Numerous workers across the country experience wage theft – whether it is through minimum wage violations, failure to pay overtime, or tipping issues. However, while the Fair Labor Standards Act gives employees an avenue to hold their employers liable for unpaid wages, sometimes achieving an actual payout is difficult.
Even if a wage theft case results in a judgement in the hundreds of thousands, or even the millions, employers have a long history of transferring assets to avoid paying up.
A new bill in the New York Assembly aims to change that. The Securing Wages Earn Against Theft (SWEAT) bill, passed on June 19, creates an “employee’s lien” for workers with wage theft judgments against their employers.

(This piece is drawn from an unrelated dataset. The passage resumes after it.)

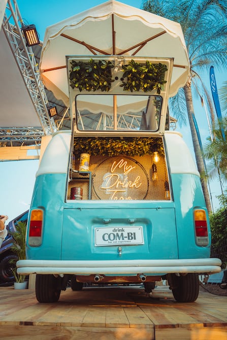 “Nos visualizamos siempre tener una combi que llegue al destino del evento, se estacione, que simplemente se abra y esté ya lista para servir a los invitados. Queríamos que sea la barra móvil de un evento. No queríamos agregarle nada más, ni estarla adornando mucho, porque a la gente le gusta esa originalidad. En la parte de atrás se la dejó para que sea una especie de photobook, donde la gente se tome fotos”, comenta Pino.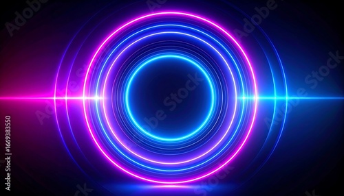 Glowing concentric circles of neon pink and blue light against a dark background

What is an “employee’s lien?”
Some of our readers may have heard of a mechanic’s lien, a legal remedy for home improvement workers to ensure they are paid. The employee’s lien outlined in the SWEAT bill operates similarly. Essentially, the lien freezes an employer’s assets until the debt is paid.
How does the lien work?
The bill allows employees who have proven they are likely to win their wage theft case to attach a lien to their employer’s assets during the pending court action. Allowing the lien while a case is ongoing will hopefully prevent employers from transferring or selling property to avoid their obligation to pay back stolen wages. The employee would still have to wait until after the conclusion of their case before accessing backpay.
New York joins 10 other states, including Maryland and Wisconsin, that have passed legislation to allow all employees the option of placing a lien on an employer’s property.